Candia McWilliam. A LITTLE STRANGER. Bloomsbury, #12.95 (pp 135).

THE book chatterers had a whale of a time with Candia McWilliam's

first novel, A Case of Knives, inspired by a Country Life snap of the

author on the jacket and a recondite vocabulary capable of stumping

panels on Call My Bluff. Little of this had any bearing on the merits of

the novel, but word spread like oil spillage that the Edinburgh-born

writer was worth keeping an eye on. And now, less than a year after

coming out, she has returned to the ball accompanied by a handsome

novella, or longish short story, altruistically set in large type for

the myopic and luxuriating in designer space, with generous prelims and

a sheaf of virgin end pages.

Just a bit flash. But cocooned in the tissue is an exquisite, anorexic

tale with its roots in the Henry James of What Maisie Knew and The Turn

of the Screw.

Like those books A Little Stranger takes us into the world of country

estates -- the Tory blue belt, old money, lords of the manor multiplying

their money with vague schemes in the City and playing butler at

Yuletide, wives biding time and taking tea, governesses and nannies,

them and us, the known and the unknown. And like them also, it is a

chilling story domestic in its essentials and sinister and suffocating

in its intensity.

In the beginning, however, there is language.
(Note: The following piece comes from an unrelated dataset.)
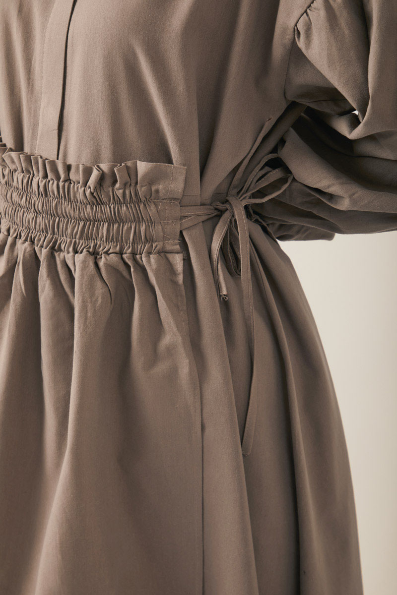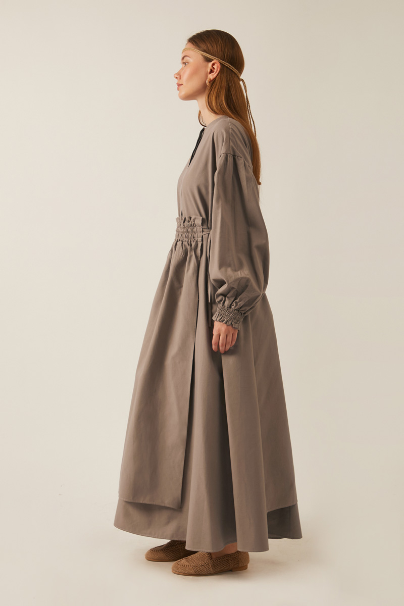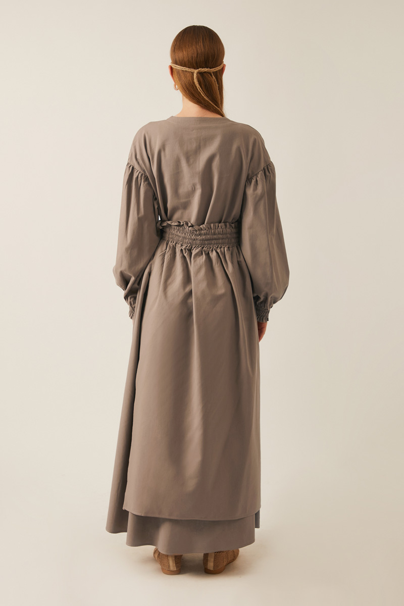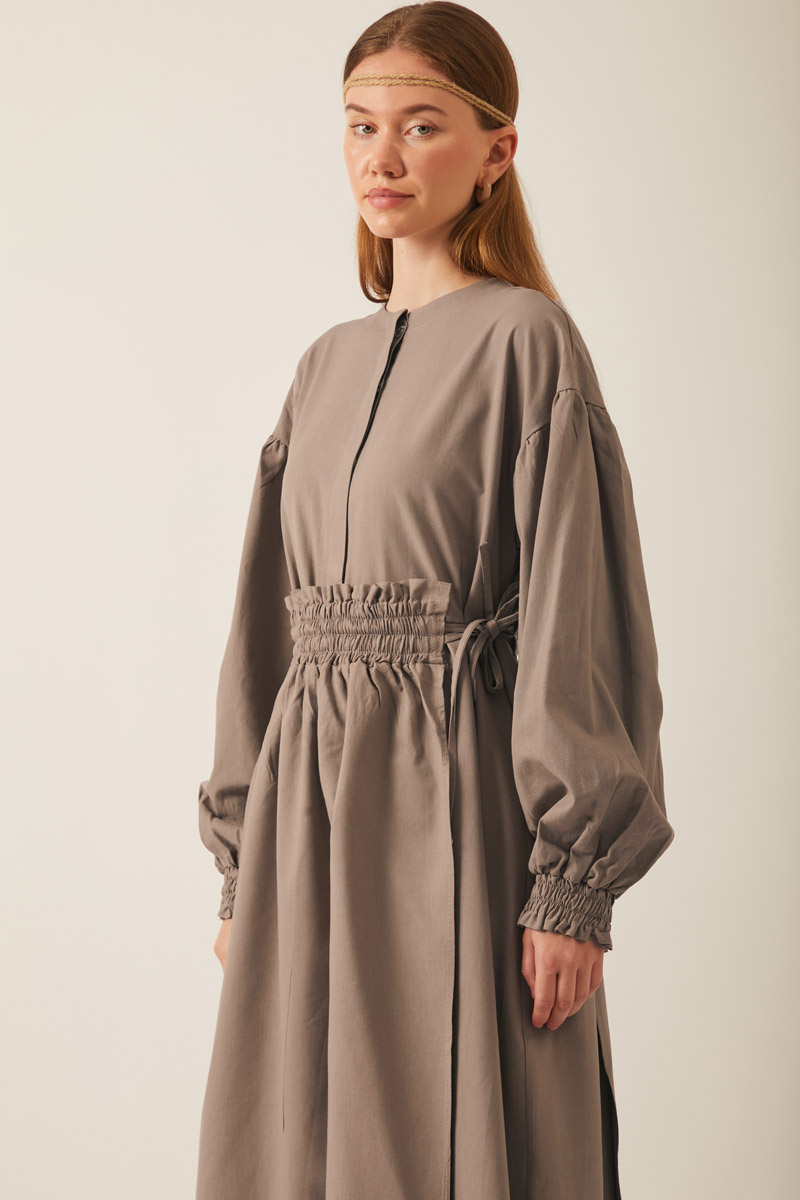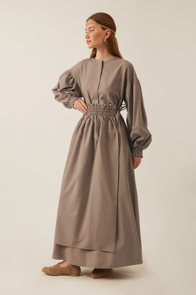Çağıl Elbise Vizon. Bisiklet yakadır, önden düğmelidir, düşük omuzludur, büzgülü balon kolludur, üst etek parçası büzgü tünel detaylı bağlamalıdır, astarsızdır, Günlük kullanım için uygundur.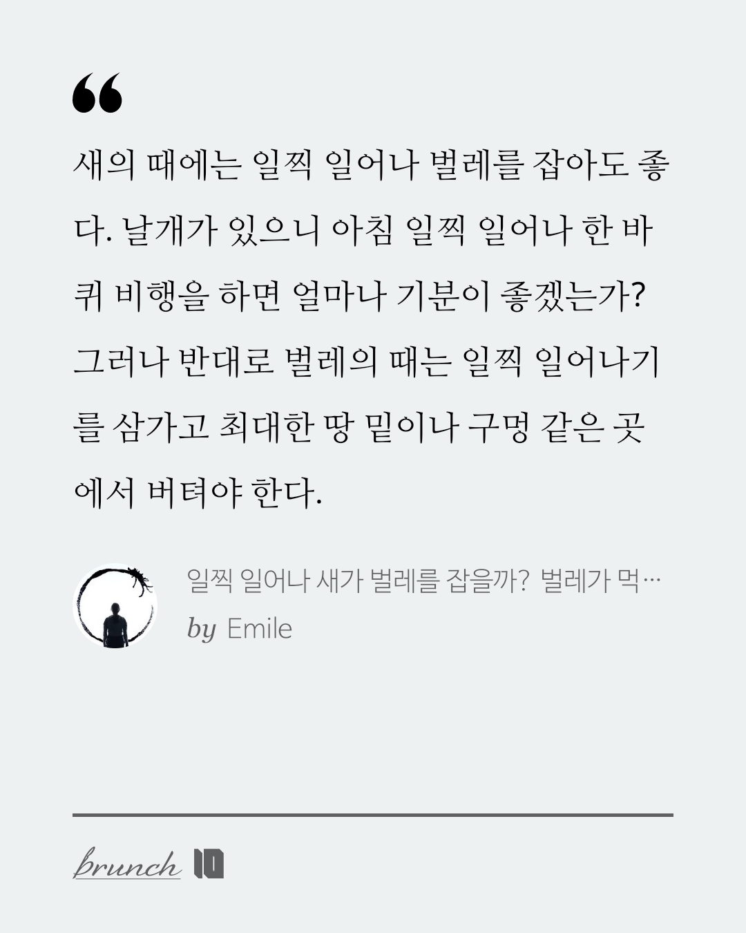 feat 새와 벌레의 때 | 일찍 일어나는 새가 벌레를 잡을까? 아니면 일찍 일어나는 벌레가 새에게 먹힐까? 흔히 부지런함의 미덕을 강조하는 이 말은 내가 절대 '벌레'가 아니라 항상 '새'라는 전제

The way we use it and

the way it defines who and what we are is at the heart of McWilliam's

book, which takes for its epigram Auden's ''Trinculo's Song'': ''There

lies that solid world/ these hands can never reach;/ My history, my

love,/ is but a part of speech.'' Daisy, the belatedly named narrator of

the novel, has had a short career as a clothes horse, and dabbled in

publishing before taking the expediential step of getting wed or, as she

coldly puts it, ''We exchanged vows.'' The three words emphasise a chill

in the relationship with her husband which otherwise is kept at bay with

politeness.

Daisy likes words and collects rarities like zenana, corm, caret,

graminivore, and ric rac, which trip off her tongue as if they were High

Street argot. In contrast, listening to Margaret Pride, nanny to Daisy's

son John, is ''to hear language strangled at birth.'' It is a violent

image and one which demonstrates the dangers inherent in

incomprehension. For upstairs and downstairs are going crazy in their

opposite ways, oblivious to and ignorant of each other.

Language binds but it can also separate, and from the beginning

McWilliam has Daisy serve double Dutch (coached by her Low Country

forebears?) to Margaret, who volleys back homilies. But one is playing

badminton, the other tennis. Each needs someone to interpret the rules

but they are too far gone in self-delusion to realise it.

Their parallel psychoses are painfully but beautifully articulated and

the temptation is to pig on quotes, for McWilliam has an enviable

facility for drawing out the essence of things and for fashioning

aphorisms, even if on occasion she seems to be over-reaching. But A

Little Stranger is -- as well as being an astute social commentary, a

mild political statement, a portrait of a non-marriage, and (almost as

an afterthought) a black mark against nannies -- a cunningly executed

thriller. How is for you to find out.